All scenarios for 1.5°C require some level of carbon dioxide removal, achieved through afforestation and improvements to land management, or through bioenergy with carbon capture and storage. Scenarios with slower reductions in emissions entail equivalently larger and longer-term dependence on carbon removal. Large scale deployment of carbon removal has multiple feasibility and sustainability challenges, such as competition with land use for food and fibre production.
Implications for national policies
The sum of existing 2030 emissions reduction commitments from all nations under the Paris Agreement is not adequate to achieve 1.5°C, and is more consistent with temperatures hitting 3°C by 2100 and continuing to increase thereafter. Even very rapid reductions in emissions beyond 2030 would not be able to keep temperature increases to 1.5°C if nations do not commit to and achieve deeper 2030 reductions.
Implications for Australia
The IPCC does not single out Australia and is circumspect in its statements about existing national commitments and policies. However, the suggestion is that all countries would need to deepen their emissions targets and increase associated policies and investments even to achieve 2°C, let alone 1.5°C. The technical, economic and political challenges involved are serious. The consequences of failure are even more so. This report will be widely cited in international negotiations and national policy debates to argue for deeper targets.
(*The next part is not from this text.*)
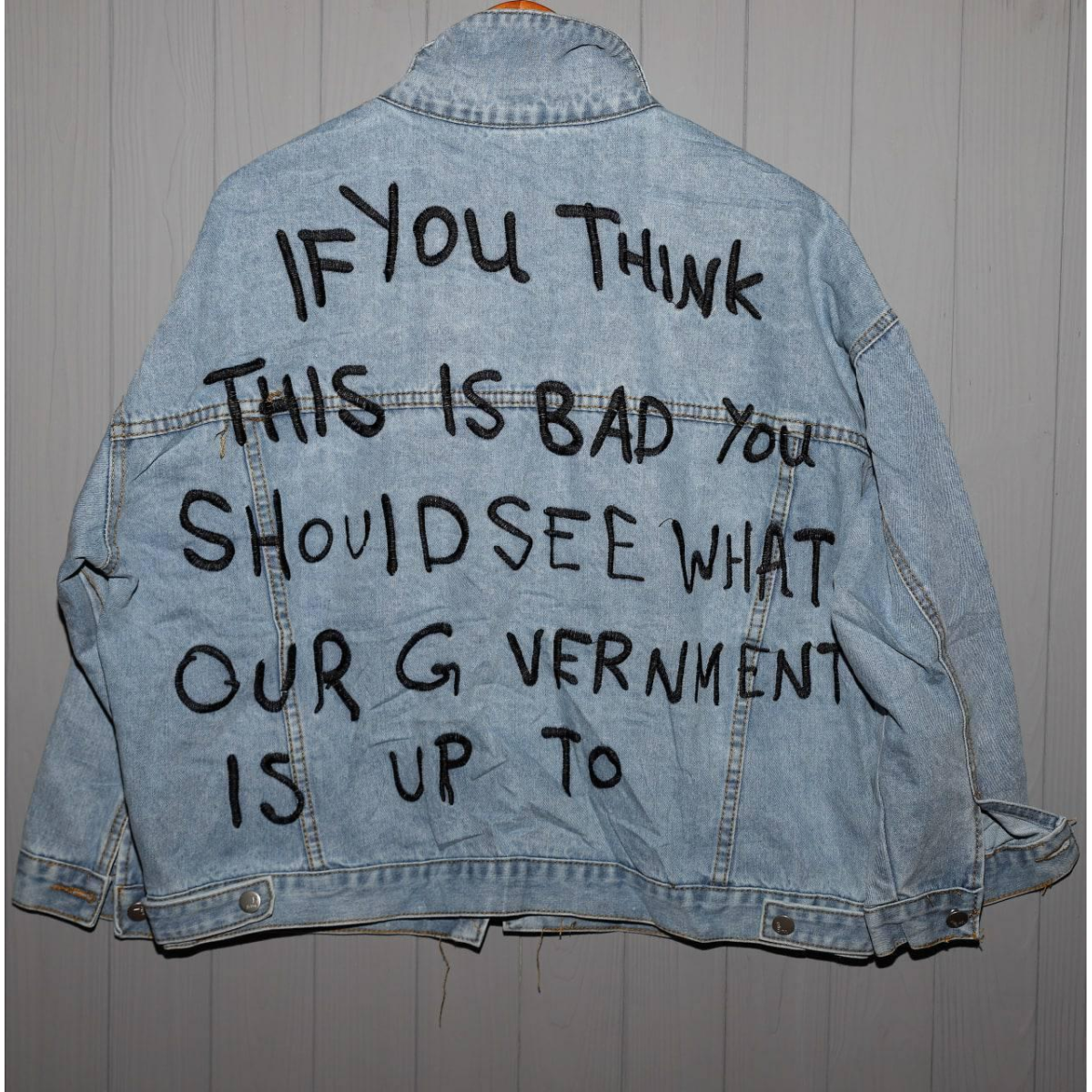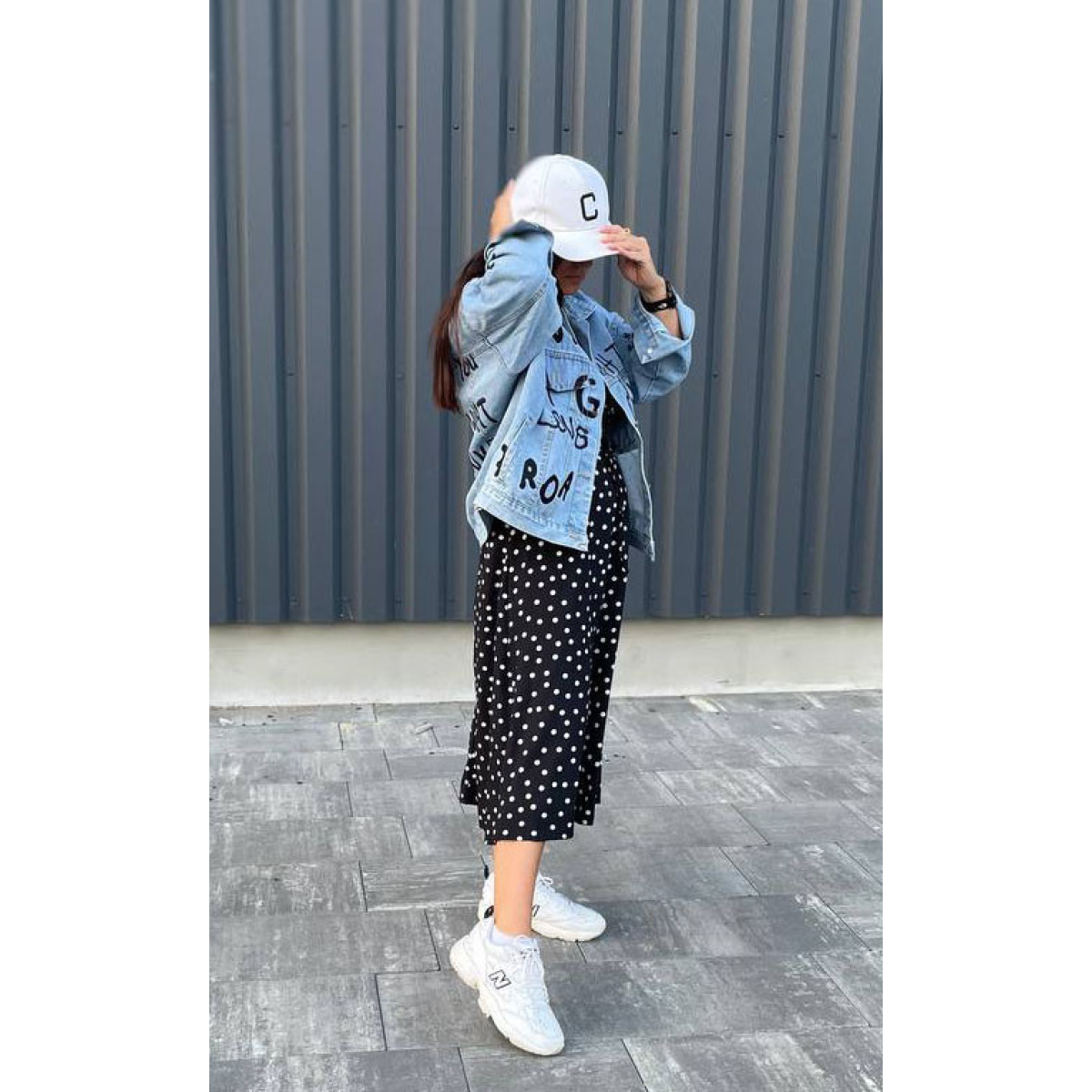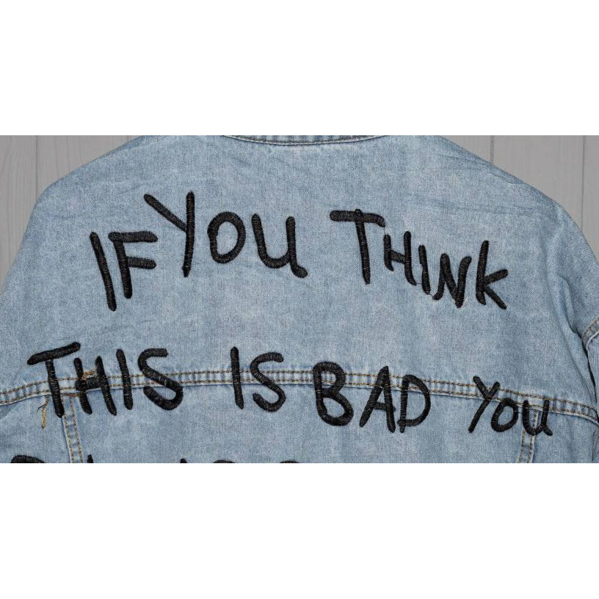 Джинсова куртка жіноча оверсайз з написом, р.42-48
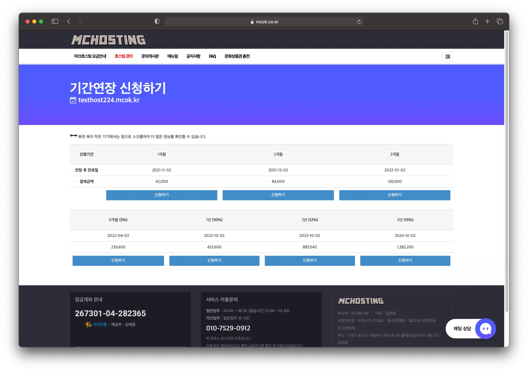 호스팅 연장신청을 아래 방법대로 진행해주시면 자동으로 처리 됩니다.

The Coalition Government is not considering any change to the existing 26-28% 2030 target, nor any additional policies to achieve it. The Federal ALP proposes a 45% 2030 target and (like most Australian States) net zero by 2050 – more consistent with 2°C if developed countries are expected to move faster than developing countries. The Federal Greens propose a 60-80% 2030 target and net zero by 2040, more consistent with 1.5°C.
The feasibility and desirability of deeper targets will be much discussed. While recent climate policy debate in Australia has focused on the electricity sector, since electricity is only around a third of current emissions, other sectors including industry will increasingly be in the spotlight.